The larger lesson here for enterprises is that can politics be part of the price of your choice of public cloud . You’ll find that both existing and potential customers are concerned about the platform you use, including your selection of AWS, Microsoft, or Google as your cloud provider. 

All three major cloud providers have businesses that compete with other companies outside the cloud platform business. Amazon.com, for example, competes with pretty much any retailer. But it’s not just direct competition that open up business conflicts. I’ve seen companies push back on Google due to Google’s extensive data collection practices, and I’ve seen companies push back on Microsoft due to issues with Microsoft’s enterprise software licenses.

The potential political conflicts are particularly acute if you’re a technology-driven company — and who isn’t these days? — and need to pick a cloud as your platform. Or you’ve already picked one, and now its owner is in conflict with a key customer and wants you to end that established, expensive relationship.

You of course want to pick a public cloud provider based on how its capabilities match up with your requirements and budget. Having to worry about losing revenue from a partner or customer because of that choice shouldn’t be a concern — but it increasingly is. In fact, I’m seeing clauses in contracts these days that specify “no-fly clouds,” where enterprises don’t want their data stored. They have nothing to do with the technology; it’s all perception, including risk, and, yes, spite.

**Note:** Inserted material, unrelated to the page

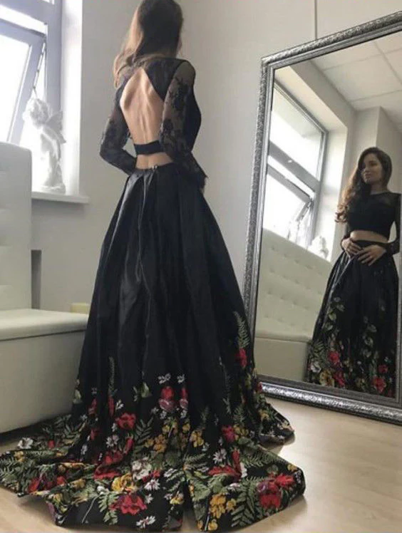 Two Piece Lace Top Floral Black Long Sleeves Satin Prom Dresses with Appliques OKA4

Smaller enterprises, such as those doing business with Wal-Mart, are going to feel the brunt of this. They simply have less leverage, so they can more easily be bullied.

One constructive recommendation I can make is to work the multicloud angle. I’ve repeatedly recommended a multicloud strategy to gain redundancy and resiliency, but another benefit is that defuses the politics you haven’t chosen sides) and makes any imposed migrations easier to accomplish.